The data for the study came from the International Sexuality Description Project (ISDP), a multi-country research study that involved the collaboration of more than 100 scientists. In total, over 16,000 participants were surveyed across 10 regions — North America, South America, Eastern Europe, Western Europe, Southern Europe, Africa, Oceania, East Asia, South/Southeast Asia, and the Middle East. In addition to various demographic measures, the questionnaires included an assessment of self-esteem and asked respondents to indicate the number of sexual partners they had in the past year.
An analysis of the data revealed that in all regions but two, men had higher self-esteem than women. In Africa and East Asia, women had higher self-esteem than men although the relationship was not statistically significant.
Across all regions, men’s self-esteem was positively related to their number of past sexual partners. However, the effect sizes were small and fell below significance in four regions. In line with the researchers’ speculations, across all regions, this link between self-esteem and past sexual partners was stronger among men than women. This sex difference was also significant within four of the regions.
The researchers next tested whether a person’s desire for short-term mating would strengthen this relationship between self-esteem and number of past sexual partners. According to the participants’ responses, it did not, and neither did living in a region where more people desired short-term mating.
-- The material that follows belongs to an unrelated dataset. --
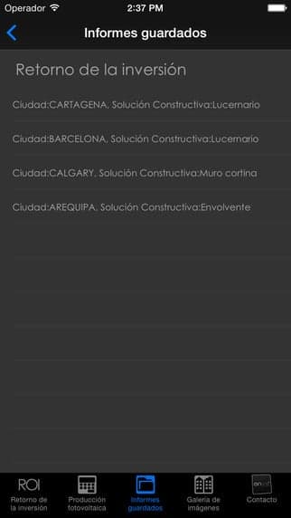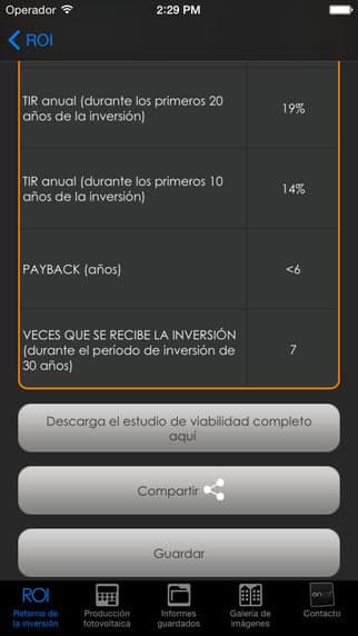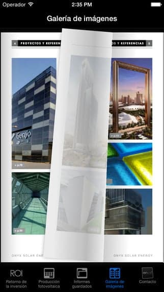 Otra ventaja de la aplicación fotovoltaica de Onyx Solar es que podremos archivar los datos. De esa manera se podrán comparar con diferentes configuraciones y ubicaciones. Además, ofrece ejemplos de proyectos ya realizados, y por supuesto, facilita el contacto con la compañía Onyx (vía web, email, redes sociales…).

Schmitt and Jonason conclude that, at least among men, mating success is associated with higher self-esteem, regardless of a person’s motivations toward short-term mating or the motivations of the culture they reside in.
The authors note that past experimental studies have found that manipulating self-esteem seems to impact sexual desire differently among men and women, suggesting that self-esteem might be “both a cause and a consequence of short-term mating success in men.”
“Future work should seek to disentangle the many functions of self-esteem within men’s short-term mating psychology,” the researchers write, “including work to identify how self-esteem may serve specially-designed functions as both a consequence, and a cause, of short-term mating success.”
The study, “Self-esteem as an adaptive sociometer of mating success: Evaluating evidence of sex-specific psychological design across 10 world regions”, was authored by David P. Schmitt and Peter K. Jonason.